Preparation of 64Cu-labeled cetuximab
Production of 64Cu was performed as previously described [21]. Cetuximab obtained from Merck Serono (Darmstadt, Germany) was 64Cu-labeled with 3,6,9,15-tetraazabicyclo[9.3.1]pentadeca-1(15),11,13-triene-3,6,9-triacetic acid (PCTA; Macrocyclics, Plano, TX, USA) as the chelator, which had previously been found to result in high radiolabeling yield and in vitro serum stability [22, 23]. 64Cu-PCTA-cetuximab was synthesized using previously reported methods [22] with a specific activity of 1.7 GBq/mg.

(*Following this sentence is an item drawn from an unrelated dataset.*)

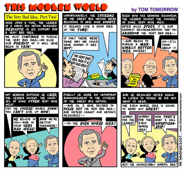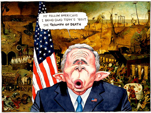 JON CARROLL’S AMAZING PASSPORT ESCAPADES WATCH: STATE OF THE SATIRE SPEECH http://www.crooksandliars.com/2007/01/23/open-thread-378 OLBERMANN: STATE-BY-STATE OF THE UNION REVIEW (or should that be “revue?”) http://www.crooksandliars.com/2007/01/24/olbermann-a-look-back-at-bushs-sotu-credibility/ IT’S TOM ‘CHRIST’ CRUISE http://www.thesun.co.uk/article/0,,4-2007030603,00.html BLAIR SIGHTING CONFIRMED AFTER CATS DISAPPEAR http://www.thespoof.com/news/spoof.cfm?headline=s1i14062 And on to the state of the news and comment. . . EPA CLOSES ITS LIBRARIES, DESTROYS DOCUMENTS http://ucsaction.org/campaign/1_17_07epalibraryclosures The Environmental Protection Agency (EPA) has begun closing its nationwide network of scientific libraries, effectively preventing EPA scientists and the public from accessing vast amounts of data and information on issues from toxicology to pollution. The Little Dictator BUSH’S 20 PERCENT GAS REDUCTION IS HOT AIR That’s off projected use, not actual use! http://thinkprogress.org/2007/01/24/thinkfast-january-24-2007/ WHAT? NO MENTION OF MARS OR NEW ORLEANS? Might as well be the same place, as far as Bush is concerned http://news.yahoo.com/s/ap/20070124/ap_on_go_pr_wh/state_of_union_katrina WATCH: ANNOTATED STATE OF THE UNION ADDRESS Read the facts as Bush delivers the fairy tales http://thinkprogress.org/2007/01/24/annotated-sotu/ REPUGNICANS BEAT UP ON BUSH AFTER SPEECH http://abcnews.go.com/Politics/print?id=2818145 THOMPSON: ANOTHER MISSION UNACCOMPLISHED http://www.capitolhillblue.com/news2/2007/01/another_mission.html As speeches go, his State of the Union address was better than some of his previous efforts - devoid of the multiple verbal gaffes that have marred his Presidency.But if motivation of a nation weary of war and skeptical of his policies, lies and missteps was Bush's goal, he can mark this one up as just another failure in a Presidency of missions unaccomplished. ALL TALK, NO PLAN http://www.capitolhillblue.com/news2/2007/01/reaction_to_spe.html PROPOSALS THAT WILL GO NOWHERE http://www.alternet.org/story/47090/ FULL STATE OF UNION GUEST LIST http://seattlepi.nwsource.com/national/1151AP_State_of_Union_Guests.html Democraps WEBB WAS SUCCINCT, COGENT http://www.thenation.com/blogs/notion?pid=159940 WATCH: WEBB’S EXCELLENT RESPONSE http://thinkprogress.org/2007/01/23/webb-sotu/ Iran from the Truth ARAB LEAGUE HEAD: DON’T ATTACK IRAN http://www.alertnet.org/thenews/newsdesk/L24925722.htm BY THE WAY, WE’RE BOMBING SOMALIA AGAIN http://rawstory.com/news/2007/US_launches_second_airstrikes_on_So_01242007.html Anti-Carterism ‘THIS IS HURTING ME’---JIMMY CARTER http://www.time.com/time/quotes CARTER STANDS BY HIS (TRUTHFUL, REALISTIC, SANE) BOOK http://www.iht.com/articles/2007/01/24/news/carter.php ISRAEL INSIDER LIKENS CARTER TO. . .DAVID DUKE! Quick, cue the tweety-birds! http://web.israelinsider.com/Views/10455.htm CARTER BACKS DOWN OVER (REASONABLE) SENTENCE IN BOOK http://bbsnews.net/article.php/2007012401515949 CARTER’S ‘PEACE MISSION’ TO BRANDEIS http://www.washingtonpost.com/wp-dyn/content/article/2007/01/23/AR2007012301668.html Electile Dysfunction JON CARROLL: NARCISSISTS FOR PRESIDENT! http://sfgate.com/cgi-bin/article.cgi?f=/c/a/2007/01/24/DDGRJN7IN71.DTL So we get only candidates who are certified narcissists. It's not a matter of public service anymore -- the itch to serve the public can be scratched in any number of ways that leave a person time to be a person. It's the urge to power, the love of combat, the high of being the Decider. Being president is the only job where wanting it should result in immediate disqualification. I liked Barack Obama a lot better before he decided to run for president. GIULIANI ASKED: WHAT IN HELL DOES A MAYOR KNOW ABOUT IRAQ? Biggest zero to run for prez since. . .Bush http://www.rawstory.com/news/2007/Giuliani_stumbles_at_What_does_mayor_0124.html WHY THE HATE FOR HILLARY? http://www.alternet.org/story/46237/ The details of her life are familiar enough; perhaps that's why all the profiles of her over the last 10 years have always seemed tedious and repetitive. It's how we shape those facts that's interesting. Hillary herself once said she had become some kind of Rorschach blot in which Americans see many things. Mashed Media HAHAHA---PHILLY INQUIRER INTRODUCES ‘EXPRESS’ SECTION Real short stories for people with real short attention spans http://www.editorandpublisher.com/eandp/news/article_display.jsp?vnu_content_id=1003536650 MASS MURDOCH: RUPERT GOES AFTER TRIBUNE COMPANY http://www.editorandpublisher.com/eandp/news/article_display.jsp?vnu_content_id=1003536510 CHRIS CUOMO ALMOST WIPED OUT IN IRAQ http://www.editorandpublisher.com/eandp/news/article_display.jsp?vnu_content_id=1003536702 Enviro Wacko STRICKEN CARGO SHIP ABOUT TO POISON BRITISH COAST WITH OIL http://news.nationalgeographic.com/news/2007/01/070123-britain-oil.html GORE FILM BANNED BY WASHINGTON SCHOOL DISTRICT http://www.progressivemajority.org/blog/?storyId=3097 Gore 'Thrilled' by Oscar Nominations http://film.guardian.co.uk/apnews/story/0,,-6367303,00.html ALL SCOTTISH SCHOOLS TO SEE GORE FILM http://www.theherald.co.uk/news/news/display.var.1126957.0.0.php THE TOP TEN CELEB PRIVATE JET OFFENDERS http://environment.guardian.co.uk/travel/story/0,,1996893,00.html Animals in the news! JAPANESE PET OWNERS TURN TO ACUPUNCTURE TO HELP AGING DOGS, CATS http://mdn.mainichi-msn.co.jp/features/news/20061226p2g00m0fe034000c.html ASTOUNDING RARE SHARK CAUGHT ON FILM http://www.dailymail.co.uk/pages/live/articles/technology/technology.html?in_article_id=431041&in_page_id=1965 Spaced Out UH-OH. . .ANOTHER TEACHER/ASTRONAUT GOING UP THIS SUMMER http://www.enn.com/iotd2.html?id=739 Oh, by the way. . . 190 MILLION HOMELESS MIGRANTS IN THE WORLD TODAY http://www.spiegel.de/international/spiegel/0,1518,461120,00.html LIFE IN PRISON FOR CHEATING ON YOUR SPOUSE---IN MICHIGAN http://sfgate.com/cgi-bin/article.cgi?f=/c/a/2007/01/24

The injected protein dose of 64Cu-PCTA-cetuximab was adjusted to 20 µg per mouse by adding an unlabeled antibody as reported previously [22].
Cell culture and mouse model
Human pancreatic cancer xPA-1 cells expressing red fluorescent protein (RFP) in the cytoplasm and green fluorescent protein in the nucleus (xPA-1-dual-color [xPA-1-DC]; AntiCancer, San Diego, CA, USA) with EGFR overexpression [24] were used in this study. xPA-1-DC cells were cultured in RPMI-1640 medium (Wako, Osaka, Japan) supplemented with 10% fetal bovine serum in a humidified atmosphere of 95% air and 5% CO2 at 37°C.
All animal experimental procedures were approved by the Animal Ethics Committee of the National Institutes for Quantum and Radiological Science and Technology (QST, Chiba, Japan) and conducted in accordance with the institutional guidelines. Six-week-old female BALB/c nude mice were obtained from Japan SLC (Shizuoka, Japan) and used in this study. Before the experiments, the mice were acclimated for at least 1 week. This study used a mouse model with intrapancreatic cancer xenografts generated by inoculating xPA-1-DC cells into the pancreas. After an abdominal incision, 5 × 106 xPA-1-DC cells in 25 µL RPMI-1640 medium mixed with 25 µL ice-cold Matrigel (BD Biosciences, Franklin Lakes, NJ, USA) were slowly injected into the pancreas. One week later, the model mice were used for the experiments. Prior to surgery experiments, the tumor location in the established model was confirmed using a stereoscopic fluorescence microscope (MZ16F; Leica, Wentzler, Germany).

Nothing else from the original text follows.